4. Kalibrasi kamera sudah standar dan memiliki hasil yang akurat.
I.5. Tujuan
Tujuan penelitian ini yaitu :
1. Teridentifikasinya tingkat akurasi DEM hasil proses stereoplotting
interaktif pada foto udara format kecil menurut SNI 19-6502.1-2000.

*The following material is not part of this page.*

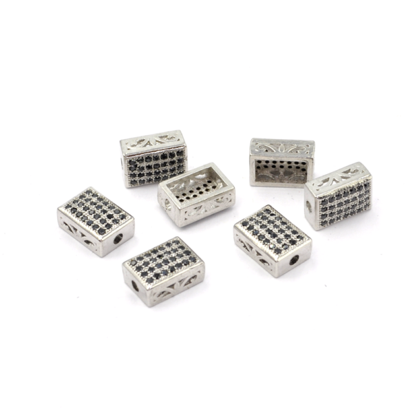 Surowiec: Metal Kształt: Prostopadłościan Rozmiar: 10 x 7 x 5 mm Średnica otworu: ok. 1 mm (otwór w krótszych bokach) Przekładka lekka, ażurowa, zdobiona cyrkoniami. Rzemień nie jest obiektem sprzedaży, służy tylko do prezentacji przekładki.
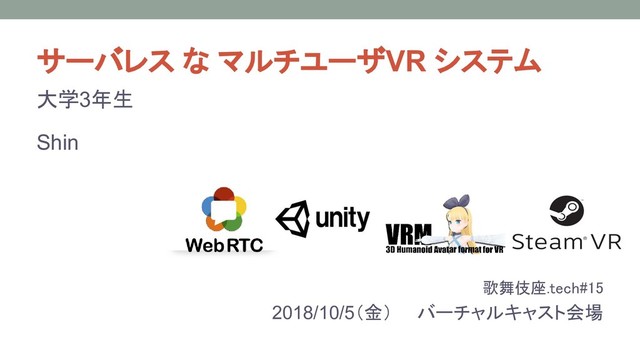 大学3年生 Shin 歌舞伎座.tech#15 2018/10/5(金) バーチャルキャスト会場 サーバレス な マルチユーザVR システム

2. Teridentifikasinya tingkat akurasi DEM hasil stereoplotting interaktif
berdasarkan perbandingan nilai standar deviasi dan ketelitian maksimal
rata-rata mengacu pada penelitian oleh Lee (2008).
I.6. Manfaat
Diharapkan hasil penelitian ini dapat memberikan informasi mengenai
keakuratan DEM dari proses stereoplotting foto udara. Selain itu juga sebagai
referensi dalam pengambilan keputusan mengenai metode yang sesuai untuk
pembuatan DEM dari FUFK.
I.7. Tinjauan Pustaka
Melasari (2014) melakukan penelitian mengenai kajian akurasi DEM hasil
stereoplotting pada foto udara format medium di kawasan lembah Universitas
Gadjah Mada, Yogyakarta. Metode yang digunakan dalam penelitian adalah
stereoplotting interaktif. Hasil yang diperoleh yaitu nilai standar deviasi sebesar
0,434 m dan lebih kecil dari nilai ketelitian maksimal rata-rata yaitu 0,456 m.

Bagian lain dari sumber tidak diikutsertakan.